A obra da Silvia Federici é fantástica, extremamente instrutiva e provocadora. O texto


carrega com si um conhecimento importantíssimo para quem o lê, abordando questões de
injustiça, sofrimento, discriminação, desumanização, dor e diversas outras barbáries cometidas
com o corpo, a mente e a imagem, principalmente da mulher. As violências foram tão grandes,
que a marca deixada no tempo e na sociedade caem sobre as mulheres de formas impensáveis
dia a dia.
O que é muito interessante são as analogias e tudo que acompanhou o homem na
sociedade.
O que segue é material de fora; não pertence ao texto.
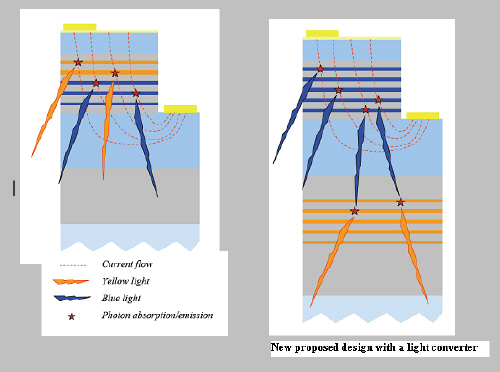 CRHEA-CNRS团队借助在组件p-n接口中的电子主动区生长不同厚度的量子阱,来产生蓝光及黄光,混合后便能产生白光。然而这项设计有个缺陷:激发出的光对于注入的电流变化非常敏感,所以组件的发光效率会被黄光量子阱限制住。
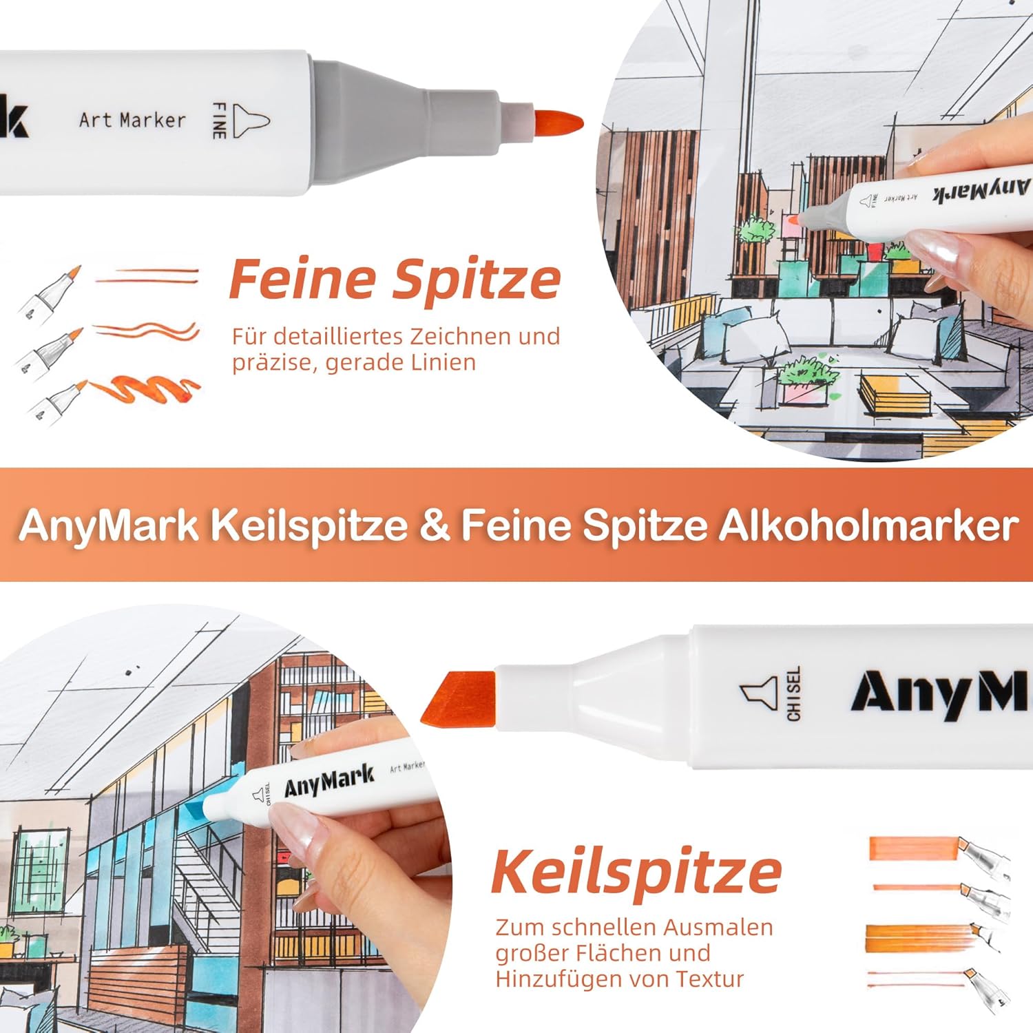 - DUAL-TIP ALCOHOL MARKERS - AnyMark coloring markers are designed with a unique dual-tip.The chisel tip (1-6mm) is perfect for quick coverage, while the fine tip (1-2mm) allows for details. You can effortlessly switch between broad strokes and fine details, making your creative process smoother and more enjoyable!
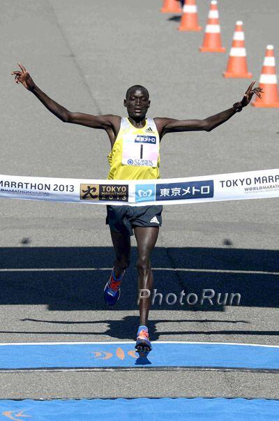 In the following year (2012) he won the RAK Half Marathon (United Arab Emirates) and the BERLIN HALF MARATHON. A few weeks after his Berlin win he ran a world record for 25 k (1:11:18), again in Berlin bettering the mark held by Sammy Kosgei (Kenya) by 32 seconds. In 2013 he won the Tokyo Marathon (2:06:50) and the Bank of America Chicago Marathon (2:03:45), both with course records, the latter being the third fastest time ever run on a legitimate course.
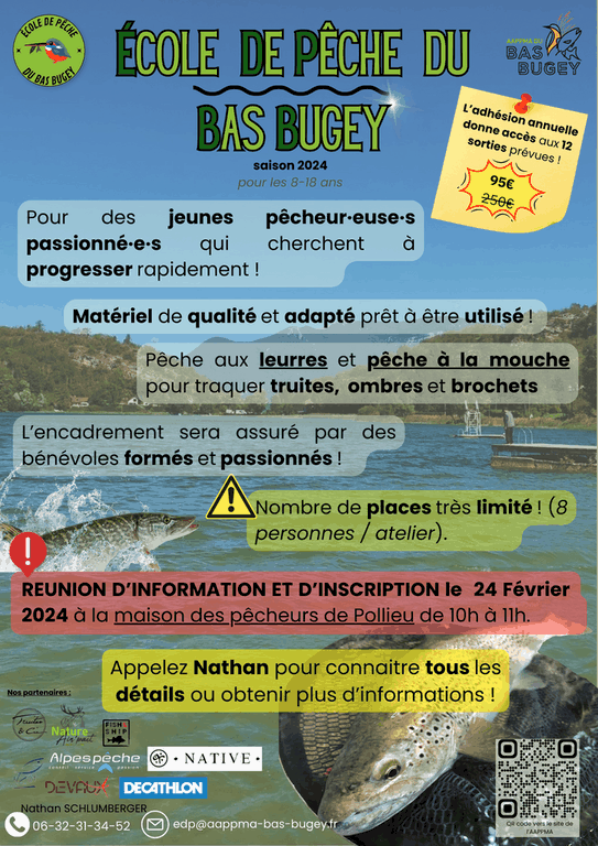 Cette année 2024, l'école de Pêche s'adresse aux jeunes pêcheur·euse·s passionné·e·s entre 8 et 18 ans qui souhaitent découvrir et/ou se perfectionner dans la pêche aux leurres et la pêche à la mouche. Ces techniques demandent une gestuelle précise et un apprentissage rigoureux. Avoir déjà une culture pêche et une maitrise de la pêche au coup ou au lancer est un plus qui permettra à l'enfant de progresser rapidement et prendre ses premiers poissons dès les premiers ateliers.
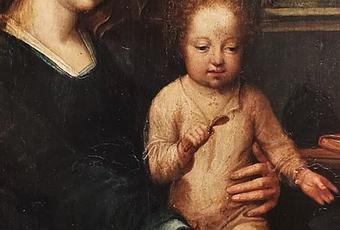 Maître du Papagayo. La sainte Famille. Bellas Artes, Séville. Ou, comment détourner l'enfant encore attaché à son enveloppe charnelle (lait), et le diriger vers son destin de porteur du savoir divin (vigne).
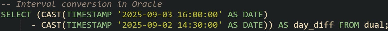Because DATE subtraction returns decimals for day differences, you get precision across smaller units without needing extra functions. Multiplying by 24 produces hours with fractional values included. That fractional part can be valuable when working with durations that don’t line up perfectly with whole numbers of hours. Oracle also supports explicit INTERVAL types when working with TIMESTAMP values, but for daily work with DATE arithmetic, the numeric result is often enough.
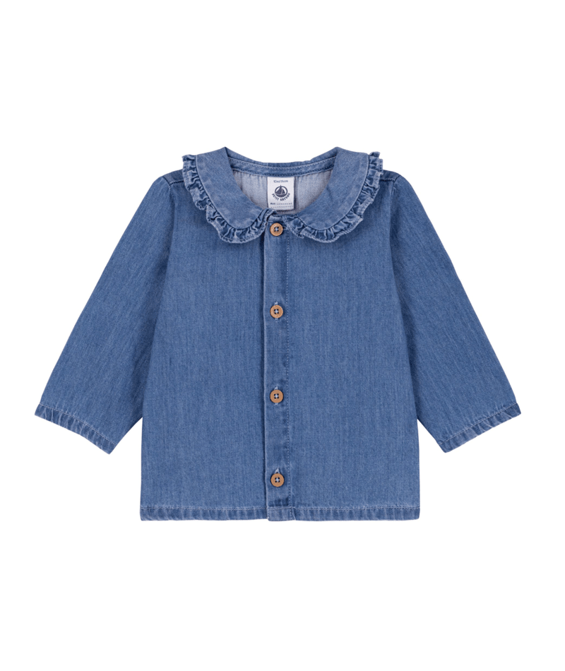 Refined with its pretty collar, this lightweight denim blouse will look darling on your little one! The poppers all the way down are very handy when you're getting your baby dressed.
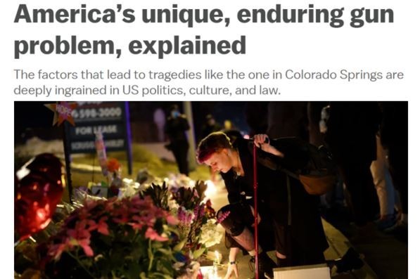 在美国沃克斯新闻网看来,美国的枪支暴力问题之所以“独特而持久”,是因为拥枪观念自美国建立之日起就深深植根于该国政治、文化和法律之中。
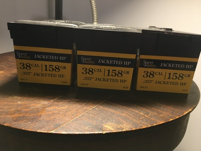 I have 3 450ct boxes of Speer 158gr JHP’s. One opened for inspection, but all there.
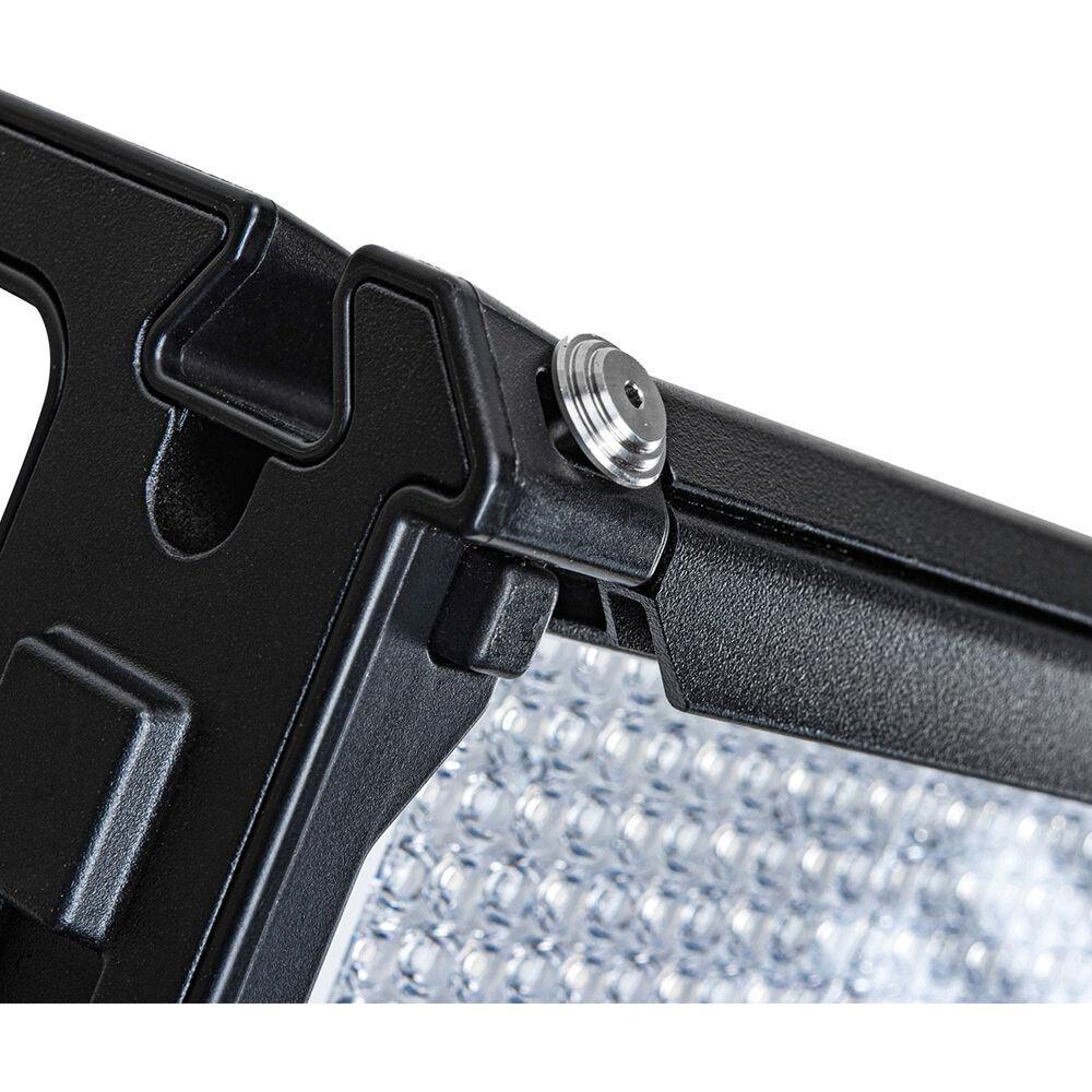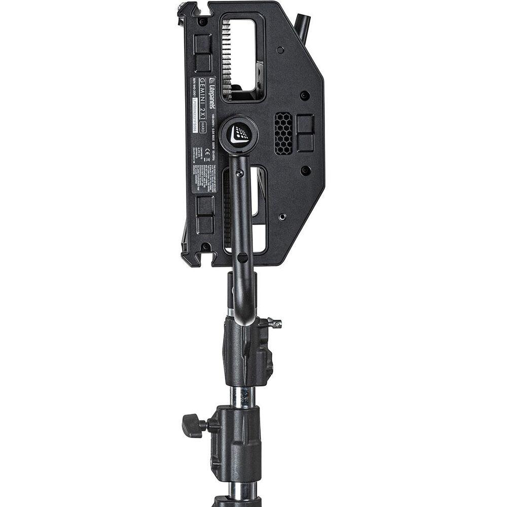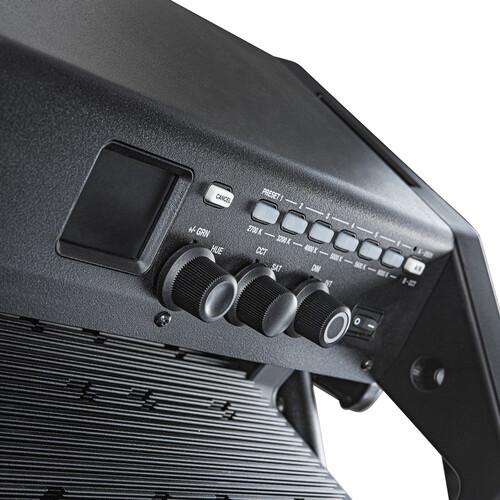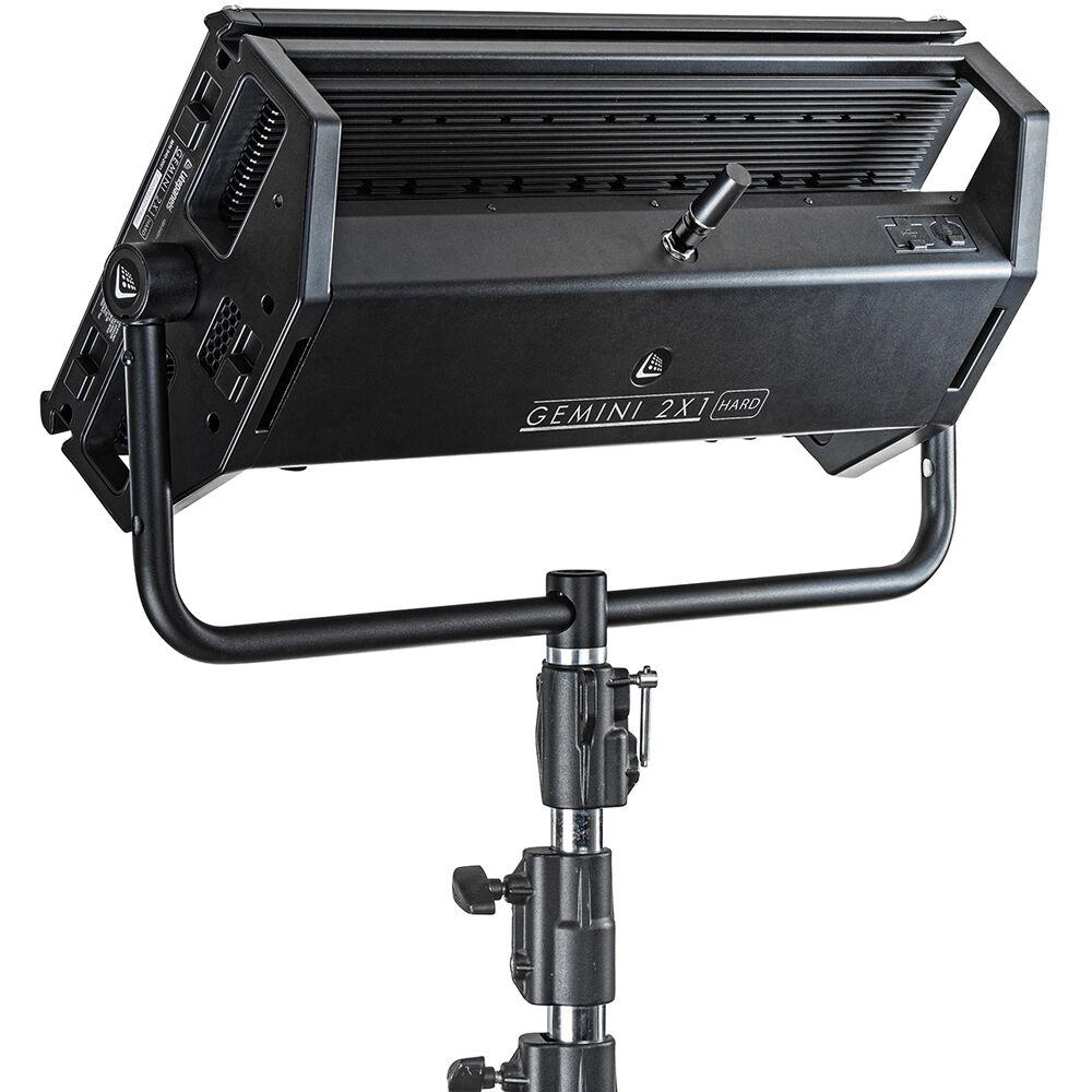 Providing high-quality cinematic lighting features in a lightweight and easy-to-use fixture, this Gemini 2x1 Hard RGB LED Panel from Litepanels offers a high light output of 23,000 lux at 9.8' with a color temperature range of 2700 to 10,000K, enabling this panel to accurately match both tungsten and daylight light sources. The 0 to 100% flicker-free dimming lets you adjust the light output, and full plus/minus green color correction control and a high CRI of 95 ensure color accuracy. Full RGBWW color gamut mixing and a built-in HSI color mode enable full-color control over hue, saturation, and intensity. The panel provides a gel mode with up to 300 different colored gels to choose from, and an effects mode with 11 unique special effects. All of these adjustments can be made locally on the unit or remotely via a console, and there's even the option of wireless operation via DMX, RDM, and CRMX protocols.

A bruxa velha, a vassoura, o diabo ser representado em alguns lugares como sendo
negro, a história da sexualidade, a mulher passando a ser considerada como objeto e como a
questão da homossexualidade foi atingida também. E o que mais causa angústia é ler todo o
texto imergindo no profundo sofrimento das mulheres e pensar a quanto tempo carregam essa
dor, e por quanto tempo ainda terão que suportar e lutar para que se cesse.

REFERÊNCIAS

FEDERICI, Silvia. “Calibã e a Bruxa: Mulheres, Corpo e Acumulação Primitiva”. São


Paulo: Editora Elefante, 2017, pp. 336 – 374.